SeekArc Tools v1.0.0
SeekArc Tools v1.0.0 is a software developed by SEEKGENE for processing single-cell ATAC multi-omics data. The software independently processes transcriptome libraries and ATAC libraries for tasks, such as: Barcode extraction and correction, alignment. Quantification of each barcode, joint cell identification, and generation of cell expression matrices for downstream analysis. Enables subsequent clustering and differential analysis, as well as calculation of associations between genes and peaks for downstream interpretation.
Download
SeekArc Tools v1.0.0
Download-SeekArc Tools - md5: af6e054480ca082a554b499fe79c3a48
wget
mkdir seekarctools_v1.0.0
cd seekarctools_v1.0.0
wget -c -O seekarctools_v1.0.0.tar.gz "https://seekgene-public.oss-cn-beijing.aliyuncs.com/software/seekarctools/seekarctools_v1.0.0.tar.gz"
curl
mkdir seekarctools_v1.0.0
cd seekarctools_v1.0.0
curl -C - -o seekarctools_v1.0.0.tar.gz "https://seekgene-public.oss-cn-beijing.aliyuncs.com/software/seekarctools/seekarctools_v1.0.0.tar.gz"
Installation Guide
Installation:
# decompress
tar zxf seekarctools_v1.0.0.tar.gz
# install
source ./bin/activate
./bin/conda-unpack
# export path in bashrc
export PATH=`pwd`/bin:$PATH
echo "export PATH=$(pwd)/bin:\$PATH" >> ~/.bashrc
Confirm installation:
seekarctools_py --version
Tutorials
Data preparation
Download sample datasets
sample datasets - md5: 45a48572f5ffd00dd6e6d79e3ad495d4(Species:mouse)
wget
wget -c -O demo_data.tar.gz "https://seekgene-public.oss-cn-beijing.aliyuncs.com/sgarc_demo/rawdata/demo_data.tar.gz"
# decompress
tar -zxf demo_data.tar.gz
curl
curl -C - -o demo_data.tar.gz "https://seekgene-public.oss-cn-beijing.aliyuncs.com/sgarc_demo/rawdata/demo_data.tar.gz"
# decompress
tar -zxf demo_data.tar.gz
Download reference genome
Download-human-reference-GRCh38 - md5: a9ce266ead3d89bc0aa77cfa646ca309
Download-mouse-reference-GRCm38 - md5: c4f2244f1d0560d5d3b4c71da06fd08f
wget
# human
wget -c -O refdata-arc-GRCh38.tar.gz "https://seekgene-public.oss-cn-beijing.aliyuncs.com/sgarc_demo/reference/refdata-arc-GRCh38.tar.gz"
# mouse
wget -c -O refdata-arc-GRCm38.tar.gz "https://seekgene-public.oss-cn-beijing.aliyuncs.com/sgarc_demo/reference/refdata-arc-GRCm38.tar.gz"
# decompress
tar -zxvf refdata-arc-GRCh38.tar.gz
curl
# human
curl -C - -o refdata-arc-GRCh38.tar.gz "https://seekgene-public.oss-cn-beijing.aliyuncs.com/sgarc_demo/reference/refdata-arc-GRCh38.tar.gz"
# mouse
curl -C - -o refdata-arc-GRCm38.tar.gz "https://seekgene-public.oss-cn-beijing.aliyuncs.com/sgarc_demo/reference/refdata-arc-GRCm38.tar.gz"
# decompress
tar -zxvf refdata-arc-GRCh38.tar.gz
The assembly of the reference genome refers to How to build reference genome?
Run SeekArc Tools v1.0.0
Run tests
Example 1: Basic usage
Set up the necessary configuration files for the analysis, including sample data paths, reference genome paths, etc.
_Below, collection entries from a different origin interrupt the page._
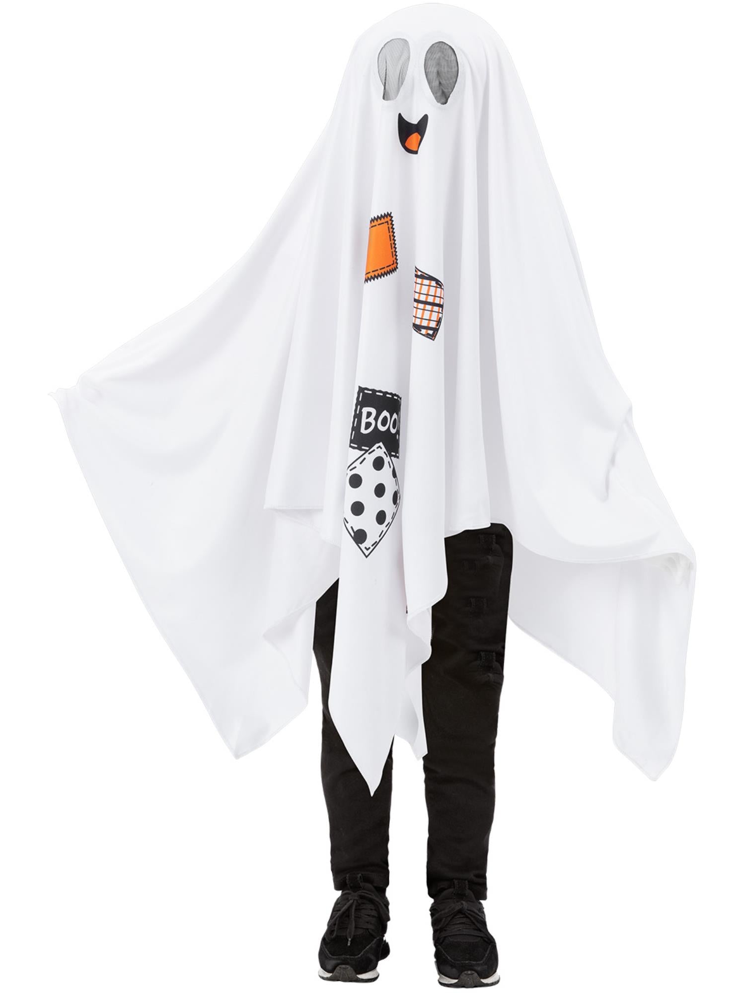 Boo Ghost Costume, Hooded Poncho with Internal Headband
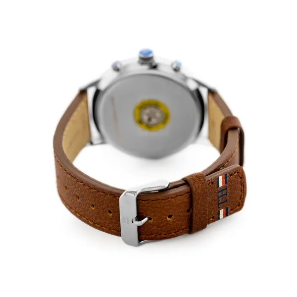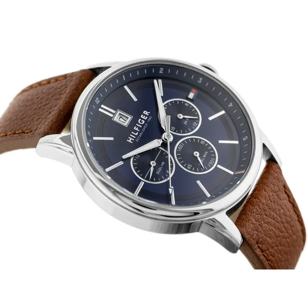 Tommy Hilfiger Kyle férfi kvarc karóra, kék számlap, barna bőrszíj, 44 mm
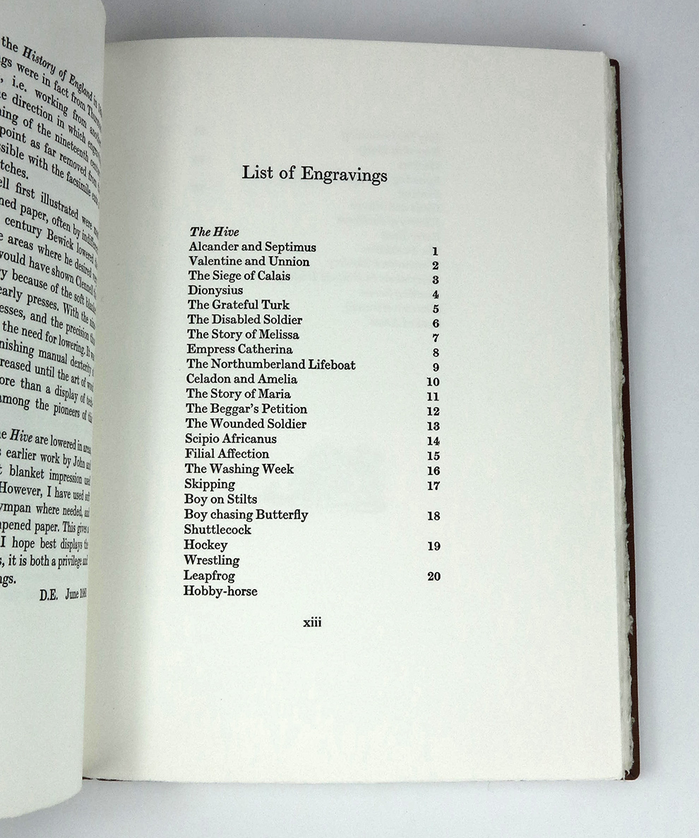 A fine collection of Bewick wood-engravings, printed from the original blocks by Esslemont on a Columbian Press, as Bewick’s contemporaries would have printed them. Clennell was Bewick’s principal assistant in the preparation of ‘A History of British Birds’, and would later go on to be an accomplished wood-engraver in his own right.
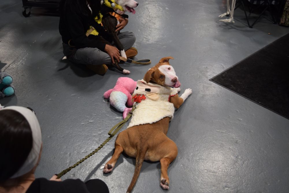 The adoptable dogs were also dressed up for Halloween. Two pitbull sisters, Panda and Passion, were dressed as a bumblebee and a sheep. Atlas, a husky, was dressed as a taco.
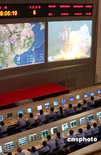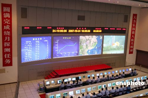 十月二十四日傍晚,中國首顆月球探測衛(wèi)星——嫦娥一號發(fā)射成功。圖為北京航天飛行控制中心監(jiān)控衛(wèi)星發(fā)射情況。中新社發(fā) 毛建軍 攝
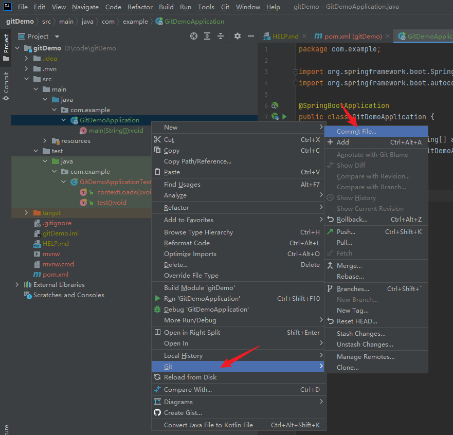 选中文件或文件夹,单击右键,提交后文件将变为白色,白色:已经commit的文件

Run the SeekArc Tools v1.0.0 using the following command:
seekarctools_py arc run \
--rnafq1 /path/to/demo/demo_GE_S1_L001_R1_001.fastq.gz \
--rnafq2 /path/to/demo/demo_GE_S1_L001_R2_001.fastq.gz \
--atacfq1 /path/to/demo/demo_arc_S2_L002_R1_001.fastq.gz \
--atacfq2 /path/to/demo/demo_arc_S2_L002_R2_001.fastq.gz \
--samplename demo \
--outdir /path/to/outdir \
--refpath /path/to/reference/GRCh38 \
--include-introns \
--core 16
Example 2: Adjusting thresholds for re-running peak calling or cell calling
If the identified peaks or cells under default parameters do not meet requirements, users can adjust parameters to skip preceding steps (e.g., alignment) and re-run the workflow to optimize results while saving time.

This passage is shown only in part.